Sarah Mandel, Little Earthquakes
I’ll make no bones about it. The mental recovery from this experience has been far harder and much longer than the physical recovery. I’m very aware that I’m still only part of the way through the process. It’s hard to judge exactly how far through the process I actually am. Some days it feels like I’m 99% of the way there, yet other days I feel like I’m still only at the beginning.
Physical wounds and scars are obvious. They’re external on your body. Everybody can see them. Well, not always in my case, since they’re between my navel and my knee so easily hidden by the right clothes. But they could see them if I wanted. Conversely the mental scars are invisible – obvious only to the most experienced onlooker that knows me well and spots a look in my eye or an occasional slight frown. For all intents and purposes, the mental scars are hidden from the world.
An illness like NF hits like a tornado, appearing unexpectedly on a summer afternoon, upending your entire life in a matter of hours. Those first two weeks I was swirling around in the howling winds – totally disorientated. No sense of where I was, or what was happening. But almost as soon as I was conscious and could recognize that something incredibly traumatic had overtaken us, Kim and I knew that we were both going to need help to recover psychologically.
The experience I’d been through was far outside of the ordinary. The tornado hadn’t just whipped us around, whipped us around some more, and then thrown us forcibly back down onto the ground. It was as if a year of life had been stuffed into the space of what was just a few days. Going from fit and healthy to lying in hospital, having almost died, and facing the fact that my own mortality had been thrown in my face.

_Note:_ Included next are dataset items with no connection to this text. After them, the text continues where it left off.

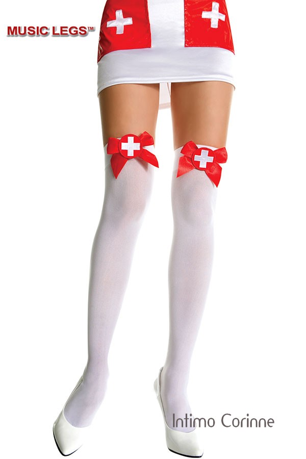 Calze autoreggenti con balza elastica, fiocco rosso in raso e croce bianca. Ideali per travestimenti da infermiera.
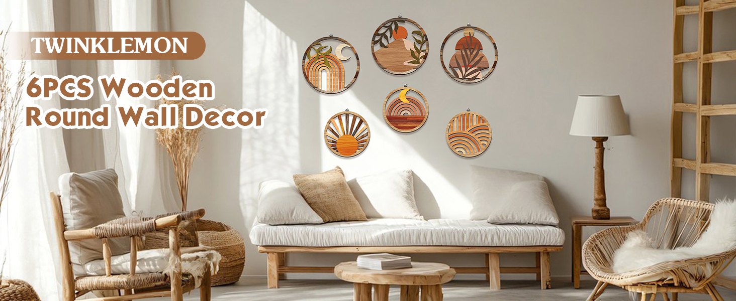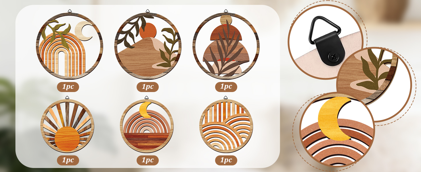 【تفاصيل المادة】ديكور الحائط الدائري مصنوع من مادة خشبية عالية الجودة مع خطاف معدني، وهو قوي وقابل للخدمة، ولا يسبب حرق يديك وليس من السهل أن يبهت أو ينكسر، ويمكن أن يخدمك لفترة طويلة.
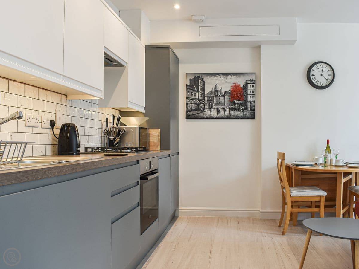 The place is modern inside. It's an open plan living, kitchen, and dining area. Big bay window at the front. The kitchen has a dishwasher. There's a fold-out table for eating.

I’ve never been to counselling, psychotherapy, or whatever term you want to put on the various forms of ‘talk therapy’. But I recognized that I needed help to process what had happened and to deal with what was still happening as I tried to get through the initial recovery phase. I had to find a way to calm the raging storm in my head and look forwards again.

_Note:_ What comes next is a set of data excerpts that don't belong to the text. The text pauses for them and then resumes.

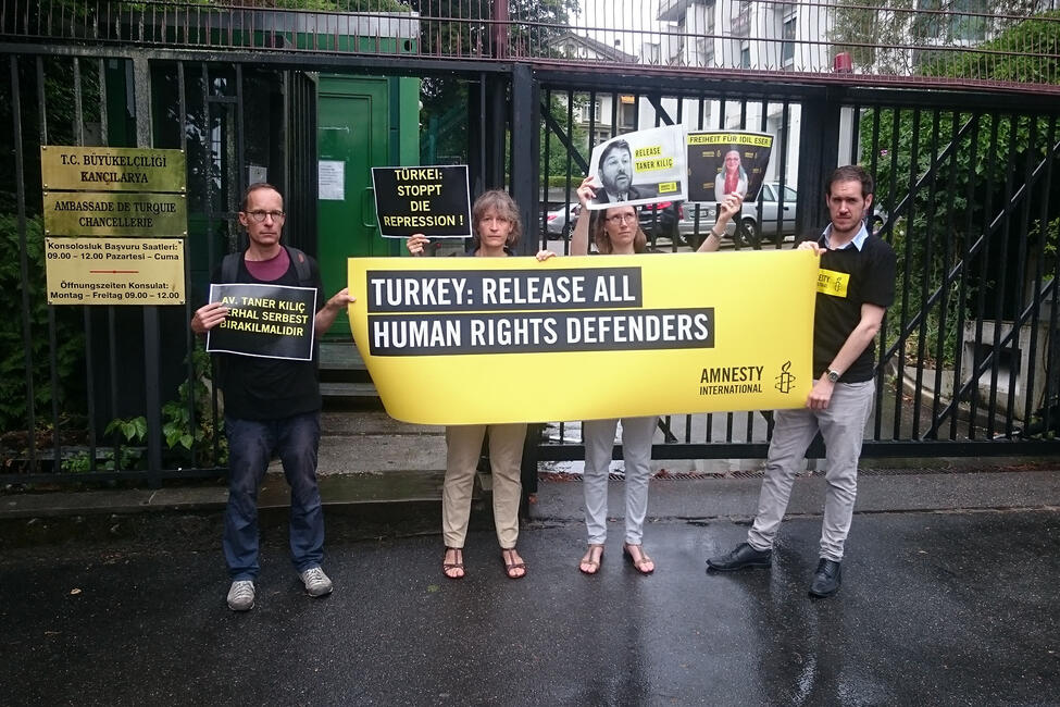 Heute ist der Ehrenvorsitzende der türkischen Amnesty-Sektion, Taner Kılıç, seit einem Jahr in Haft. Für den zugrunde liegenden Vorwurf der "Mitgliedschaft in einer Terrororganisation" kann die Staatsanwaltschaft nach wie vor keinerlei Beweise vorlegen – dennoch hält sie unter fadenscheinigen Gründen an der Anklage fest. Am 21. Juni wird der Prozess gegen Taner Kılıç und zehn weitere Menschenrechtsverteidiger fortgesetzt.
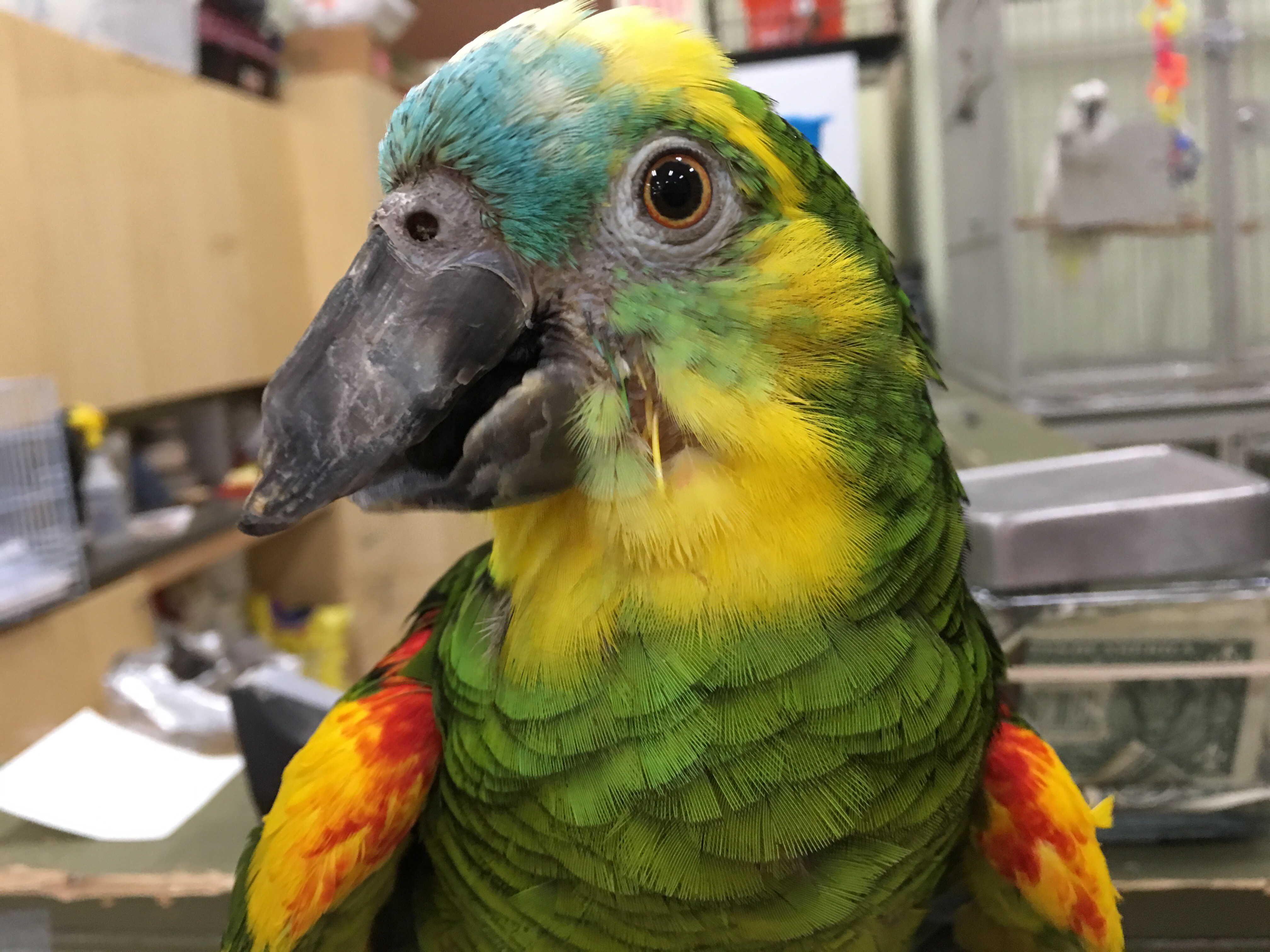 As you can see Nikkie was born with a beak deformity. Nikkie was with the same people for 27 years. Unfortunately her dad was diagnosed with Parkinson’s. They had no choice to give her up. Nikkie was fed people food her entire life…but she remains pretty healthy and immediately developed a strong bond with me. She’s an amazing baby and keeps me laughing.
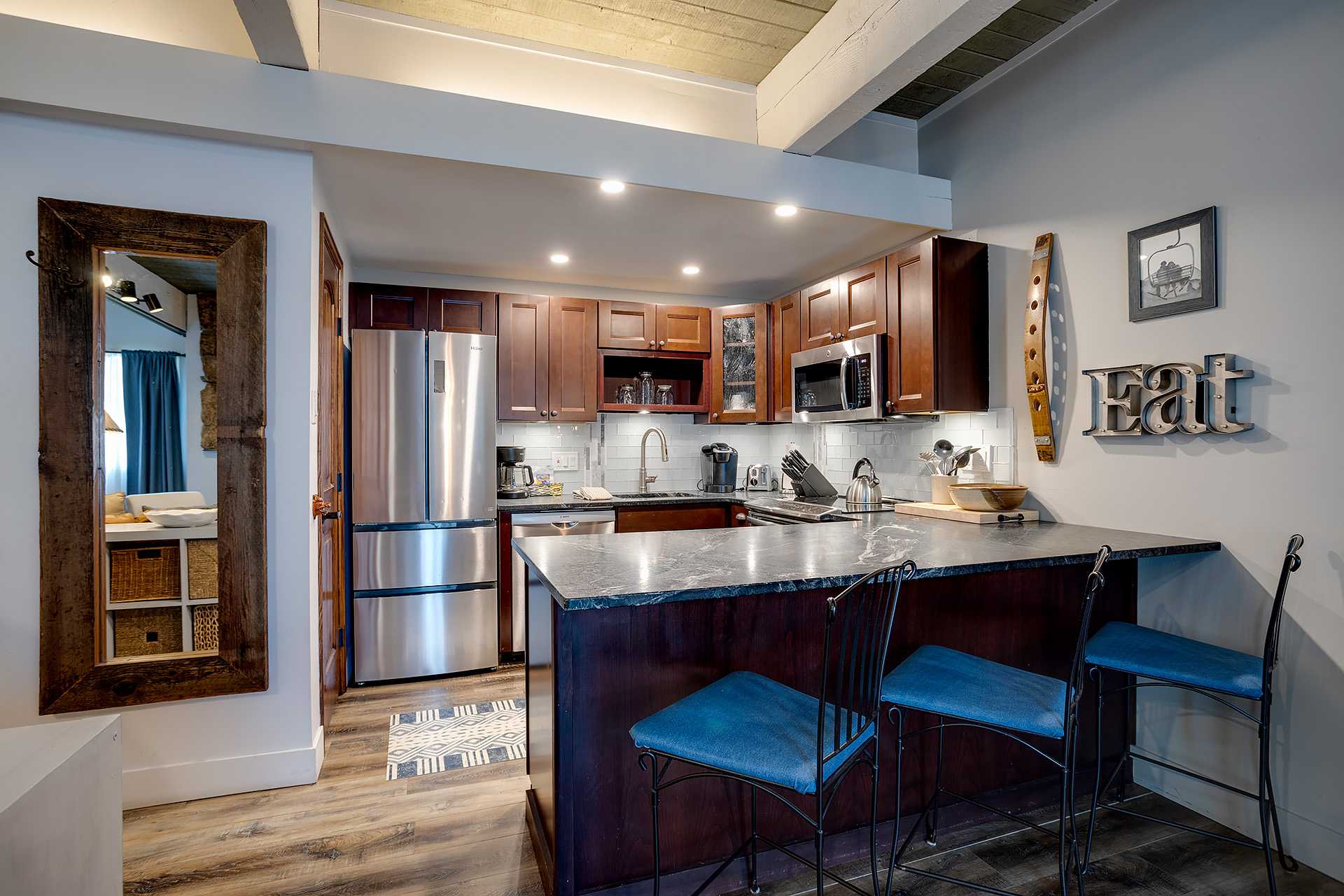 Inside, no detail has been overlooked. The space is warm and inviting, featuring rich wood accents, modern finishes, and thoughtfully curated furnishings. This is the perfect space to relax and reconnect in the mountains.

It felt right (and entirely reasonable) to ask for help. I thought that I needed to find the right person who could understand the dramatic, traumatic nature of my experience. Looking back, I can see that was unnecessary as there are so many common features between many different kinds of significant trauma – be it divorce, bereavement, or an illness of some kind.
We were lucky. We had a family doctor who was there to support us and who immediately appreciated the impact of what we were going through. She wrote referrals to clinical psychologists without any hesitation.
When I say that we were lucky I mean that in several ways. Our doctor didn’t make us jump through hoops – as can be the case – to ‘prove’ that our mental health was under threat. Plus, both of our respective employers offered us private health insurance as part of our benefits package, so we were able to move quickly to get an appointment. I know of other NF patients who have had a hard time even getting a referral. Or who have had to pay privately for sessions and simply haven’t been able to afford it.
If there’s one piece of advice I’d give to another NF patient, or even anyone going through a significant traumatic life experience, it’s to go and get psychological help. Prioritize getting help. Fight to get help. It’s been hard enough for me recovering with this kind of support and I can’t imagine how hard it would be (or how long it would take) without it. You shouldn’t even have to ask – it should be a standard part of any NF treatment package.
Almost as soon as my referral was in the system with the insurance company, I got a call. On the other end was a softly spoken woman. It wasn’t a receptionist or other support person – it was the clinical psychologist herself. I’m going to call her Violet – I’ll explain why later.
She was the epitome of calm, collected, professionalism. She asked a few questions about what had happened to me. We planned a time for us to meet in a few days. When I put down the phone I was flooded with relief – someone cared. Someone was there to help me.
I believe that chemistry, between you and the other person, is crucial when it comes to getting the most out of this kind of therapy. You need to feel that you’re talking to someone you can trust. Someone who has your best interests at heart. Someone that you respect – that you are willing to listen to and take their advice. Someone that you can pour your heart out to in a safe environment. When Violet called me that first time, she suggested, that we see each other a couple of times and check if the fit was right. We both had a Get Out of Jail Free card if we didn’t think it was working.
The day I went to see Violet the first time is crystal clear in my memory. Her office is in an old traditional Danish building – rendered in white plaster on the outside, with a black glossy tiled roof, and with big steps leading up to imposing wooden front doors in the center. The building seems to sit in its own world, set back from the road.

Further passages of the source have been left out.